# Description of the task
Repeat every line of the data exactly, but not the pictures.

# Supplied material
*** Block opens ***

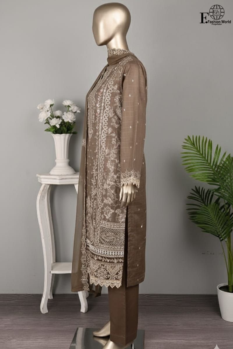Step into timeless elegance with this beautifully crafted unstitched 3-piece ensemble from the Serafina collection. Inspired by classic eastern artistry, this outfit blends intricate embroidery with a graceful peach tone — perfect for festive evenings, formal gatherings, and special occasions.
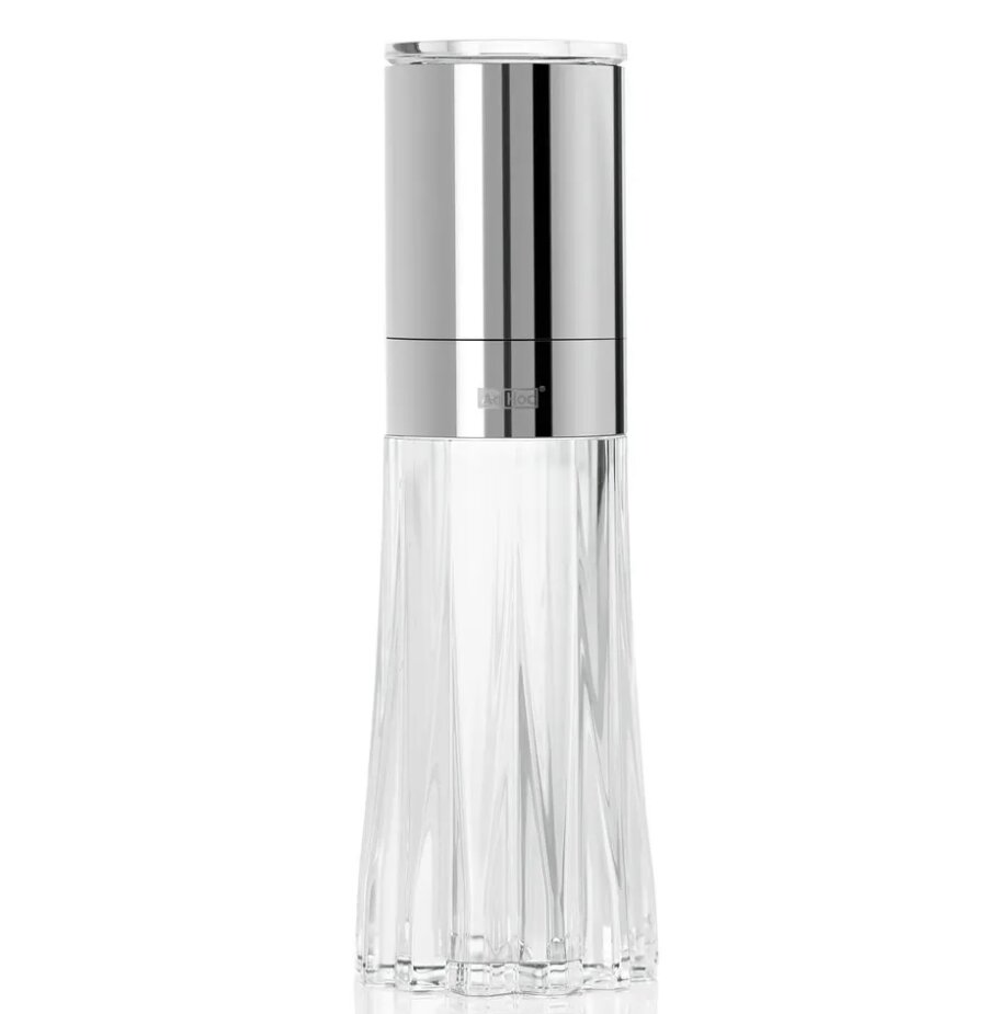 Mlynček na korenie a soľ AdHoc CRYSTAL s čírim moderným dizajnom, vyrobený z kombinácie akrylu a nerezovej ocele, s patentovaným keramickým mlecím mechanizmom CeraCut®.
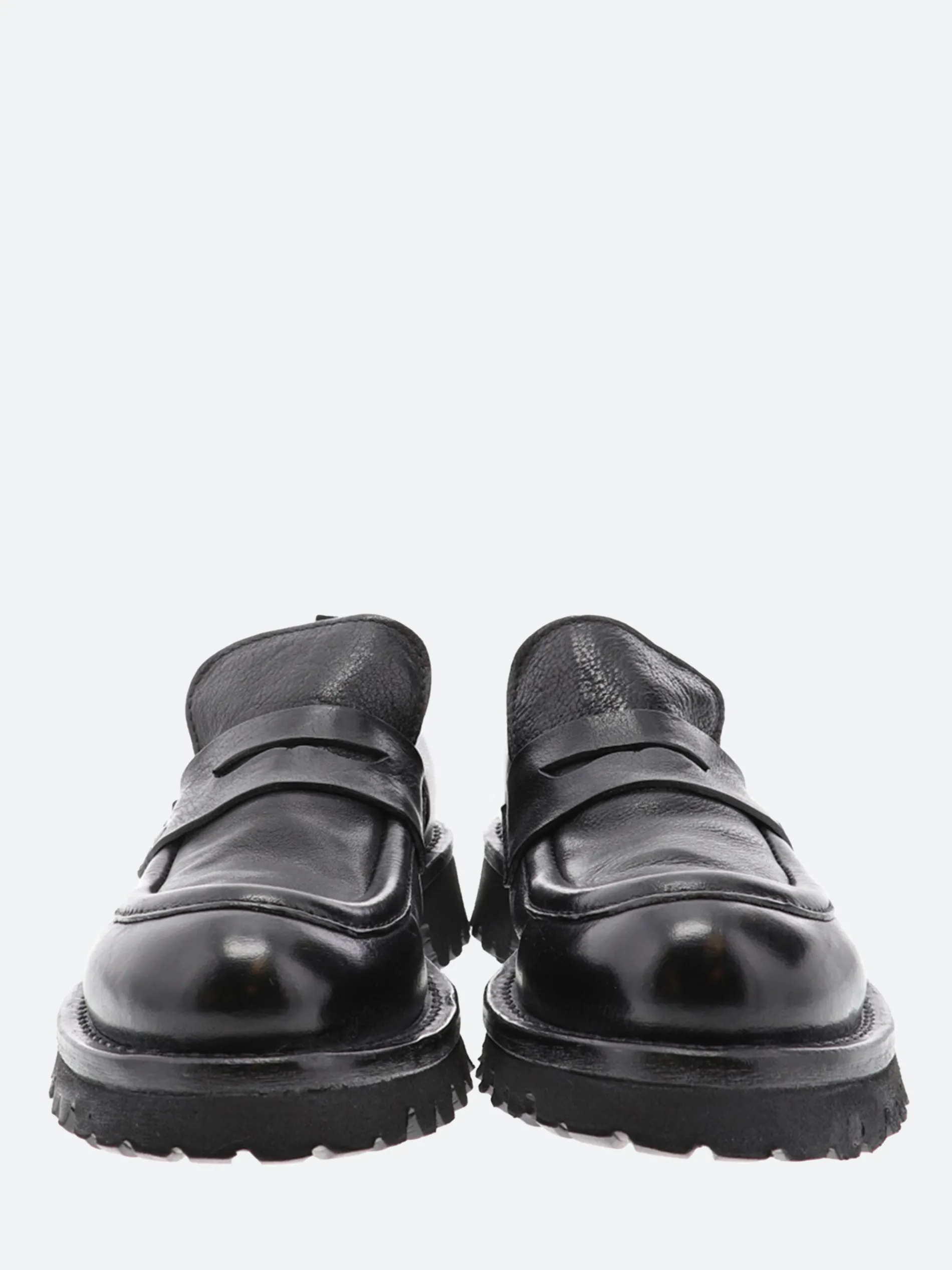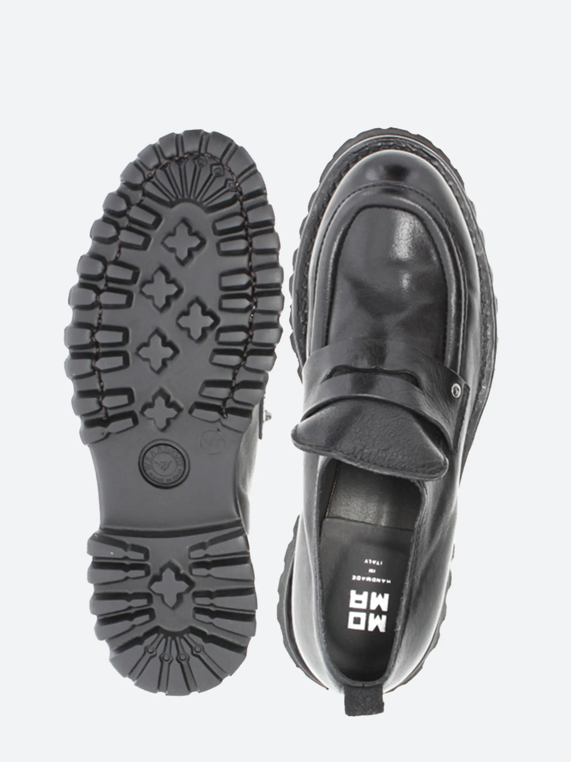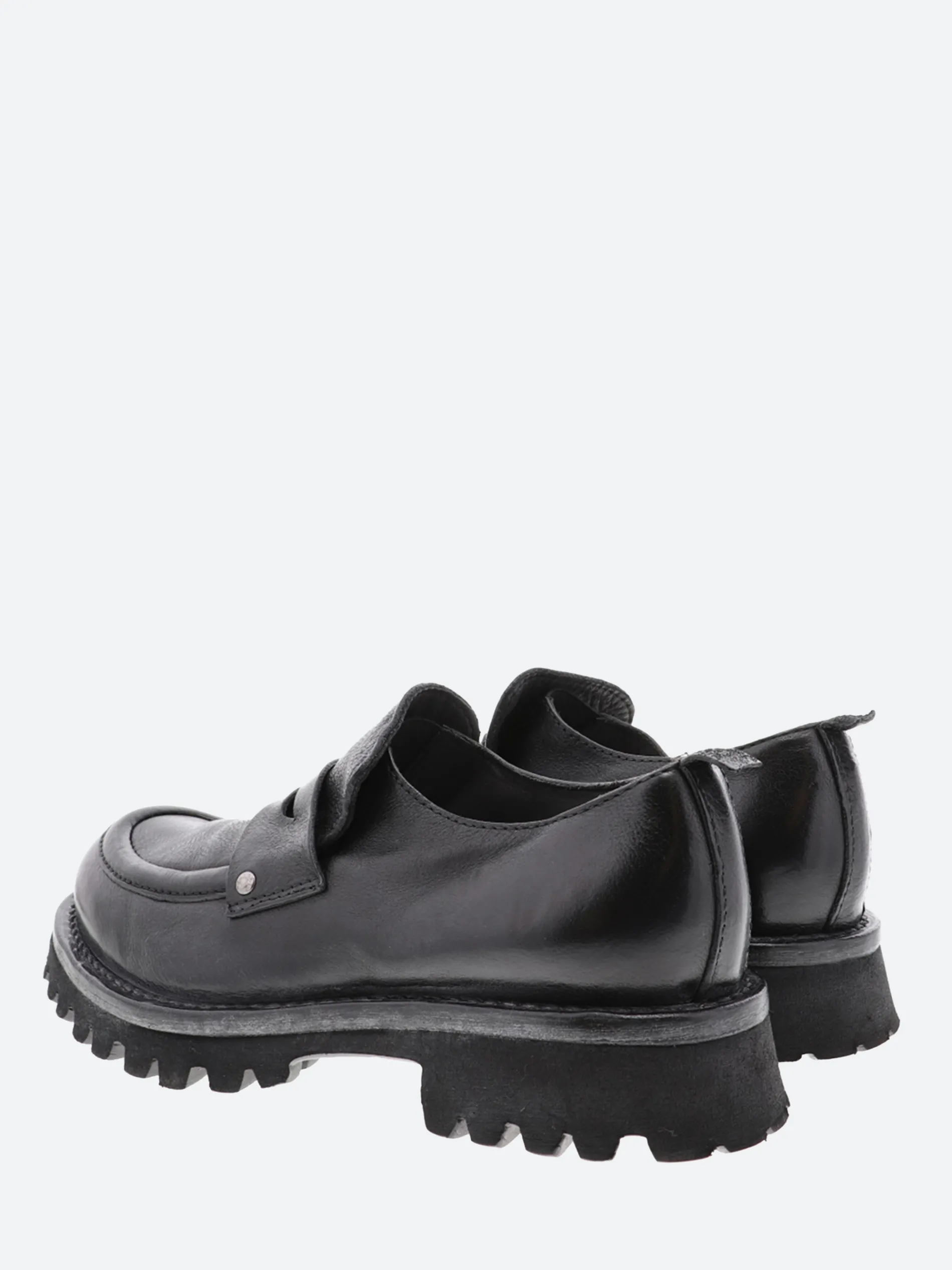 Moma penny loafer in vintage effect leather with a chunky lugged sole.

*** Block closes ***

# Response
Step into timeless elegance with this beautifully crafted unstitched 3-piece ensemble from the Serafina collection. Inspired by classic eastern artistry, this outfit blends intricate embroidery with a graceful peach tone — perfect for festive evenings, formal gatherings, and special occasions.
 Mlynček na korenie a soľ AdHoc CRYSTAL s čírim moderným dizajnom, vyrobený z kombinácie akrylu a nerezovej ocele, s patentovaným keramickým mlecím mechanizmom CeraCut®.
 Moma penny loafer in vintage effect leather with a chunky lugged sole.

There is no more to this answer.